25 November 2009
My mum passed HIV onto me when I was four years old. She had my baby brother and because we were poor and she didn't have enough food she breastfed me as well and that’s how I got it. I don't blame her though because she didn't know that she was HIV Positive and that’s just how life goes. My baby brother got ill really quickly and didn't live for very long and then my mum got sick and died quite soon afterwards. I don't really remember her at all.
My dad is a gangster and a mean man. He got HIV from sleeping with other women and then gave it to my mum. I don't see him anymore but I don't care because I think he's a dangerous person and I don't want my life to be like his.
After my mum died, my grandmother looked after me and then when she passed away, my aunt brought me up.
I have always had to go to the hospital but I didn’t go on ARV drugs until recently because I was always healthy. Then my CD4 count dropped so now I’m on the medication, but it isn’t too bad. I just have to take pills every day and sometimes I feel tired but otherwise it’s fine.
The real problem is people’s attitudes because there is such ignorance around HIV and AIDS, which makes life difficult. I used to always be afraid that my friends would discover that I was HIV Positive because where I live bad things have happened to people who are have it. It's tough because it can make you feel like you’re totally alone and sometimes you just think ‘I don’t want to live like this’. A few years ago I did think about killing myself. I don’t have a mum or a brother because of this disease and I felt I was just waiting to die as well.
Now I feel like that is in the past. There's a group of kids I've grown up with at the hospital and at the Pela Vidda project and we're all HIV Positive so it's like having a family, we’re all like brother and sister to each other.
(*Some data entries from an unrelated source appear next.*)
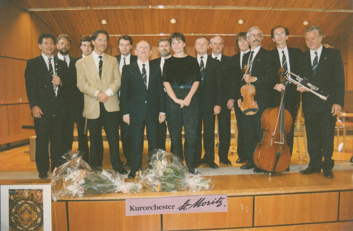 Nel 1953 entra nella “Kurorchestra di St.Moritz” ,con le funzioni di pianista, insieme a ben 25 musicisti provenienti dalle orchestre stabili di Berna,Zurigo e Basilea. Nel 1966 ne assume la direzione che manterrà fino al 1992. Se nelle estati lavorava a St.Moritz, il resto dell’anno lo vedeva impegnato alle Scuole Medie F.Montanari come insegnante di musica oppure nel suo studio in casa con i suoi giovani allievi.
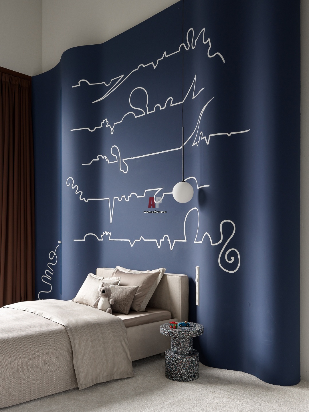 Детская спальня. Стена-«кулиса» за кроватью сына выкрашена в глухой синий цвет и декорирована рисунками в духе мифологии Лоренса Стерна.
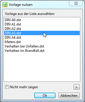 Man kann die Verwendung von Dateivorlagen auf der Registerkarte Allgemein des Dialogfensters "Einstellungen" anpassen. Um die Verwendung von Vorlagen deaktivieren muss man das Häkchen neben der Option Vorlage nutzen entfernen. Die neuen Dateien werden dadurch mit standardmäßigen Parametern erstellt. Wenn die Optionen Vorlage nutzen und Menü der Vorlagen immer anzeigen aktiviert werden, wird das Dialogfenster Vorlage nutzen für die Auswahl von Vorlagen bei Erstellung einer neuen Datei immer angezeigt. In Dialogfenster Vorlage nutzen werden die Dateien mit der Dateierweiterung DXT geladen, diese Dateien befinden sich standardmäßig im Verzeichnis C:\Users\benutzername\Documents\Fluchtplan Creator 14\Templates. Es gibt mehrere Vorlagen für verschiedene Papierformate im Programm Fluchtplan Creator. Man kann auch seine eigenen Dateivorlagen erstellen und für die neuen Zeichnungen verwenden.

We talk about how having HIV doesn’t make you abnormal, It's just like having any other sickness that you treat with drugs. Recently I've started to tell people, my best friends and some of my teachers. A few months ago I told my girlfriend. We've been together one year and I just sat her down and explained and she was completely cool about it. We love each other and she said the important thing was to be honest.
It’s not like I’m ready to go around shouting about it, but I feel like I'm changing every year and one day I want to tell more people about my HIV status. Maybe in the future it will be my job to tell other people who are HIV Positive not to be scared and to just be themselves and that they don't have to pretend anymore.
One day I hope I can have kids and have a family and I'll know what to do to make sure they have a different attitude than what is out there at the moment, because it's not good to have to hide the truth all the time. It drives you crazy in the end.